Sert tepkiler ve güçlü destek
- İsrail Başbakanı Netanyahu kararı “teröre ödül” olarak tanımlarken,
- ABD Senatörü Rubio “düşündürücü bir hata” dedi.
- Filistin yönetimi, kararı halkın kaderini tayin hakkına verilen “güçlü destek” olarak değerlendirdi.
- İrlanda, Suudi Arabistan ve Türkiye gibi ülkeler adımı olumlu karşıladı.
Stratejik konferans ve çözüm hedefi
Fransa, 28–29 Temmuz’da New York’ta yapılacak uluslararası konferansta:
- Hamas’ın silahsızlandırılması,
- Filistin Otoritesi’nin reformu,
- İsrail’e güvenlik garantileri
gibi başlıkları kapsayan bir iki devletli çözüm yol haritası oluşturmayı amaçlıyor. Macron’un planı, bu süreci diplomatik baskıyla pekiştirmek.
Avrupa için yeni bir çizgi mi?
Fransa bu adımla, ABD ve Almanya’nın ihtiyatlı çizgisinden ayrıldı. Macron’un hedefi, AB içinde ortak tutum oluşturmak ve Fransa’nın Orta Doğu’da etkisini artırmak. Tel Aviv’deki büyükelçilik görevlisinin geri çağrılması ise Paris’in kararlılığını diplomatik zemine taşıdığını gösterdi.
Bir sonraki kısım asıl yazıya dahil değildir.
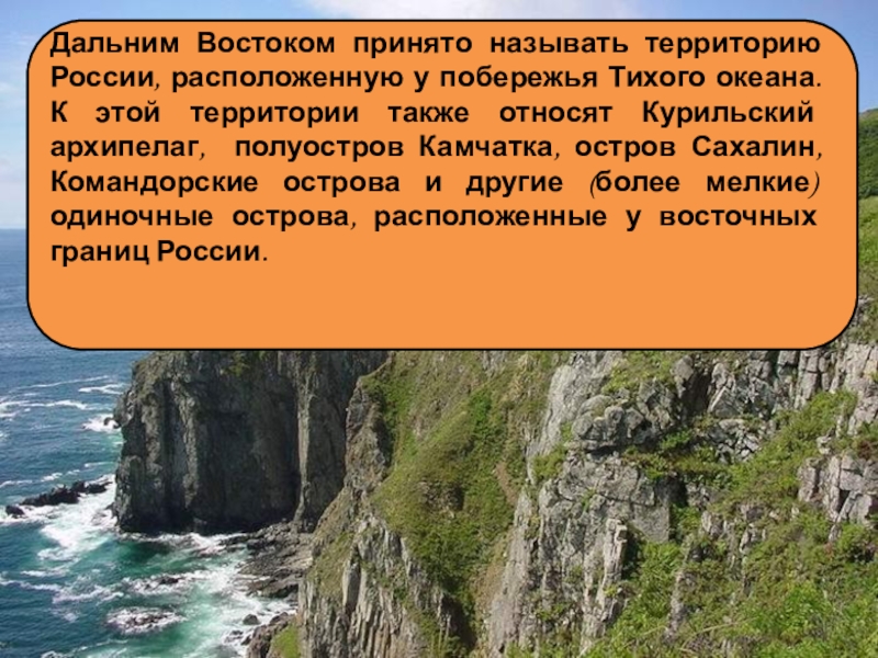 Дальним Востоком принято называть территорию России, расположенную у побережья Тихого океана.
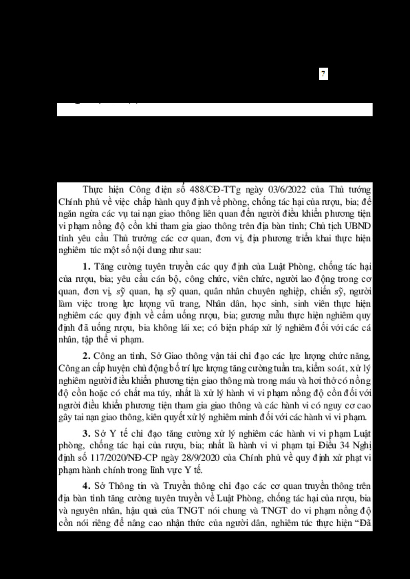 | Tiêu đề văn bản | V/v chấp hành quy định về phòng, chống tác hại của rượu, bia. | ||

7 Ekim sonrası yeni bir rota
7 Ekim 2023’te başlayan İsrail-Gazze savaşının ardından artan sivil kayıplar, Fransa’nın barış sürecini yeniden gündeme taşımasına neden oldu. Macron’un çıkışı, iki devletli çözümün meşrulaştırılması ve Batı içinde yeni bir diplomatik merkez oluşturma çabası olarak görülüyor.
Fransa, BM Genel Kurulu’nda Filistin Devleti’ni tanıyarak tarihi bir diplomatik hamleye hazırlanıyor. Macron’un kararı, hem G-7 ülkeleri üzerinde baskı unsuru hem de Orta Doğu barış sürecinde yeni bir Avrupa rolünün başlangıcı olarak okundu.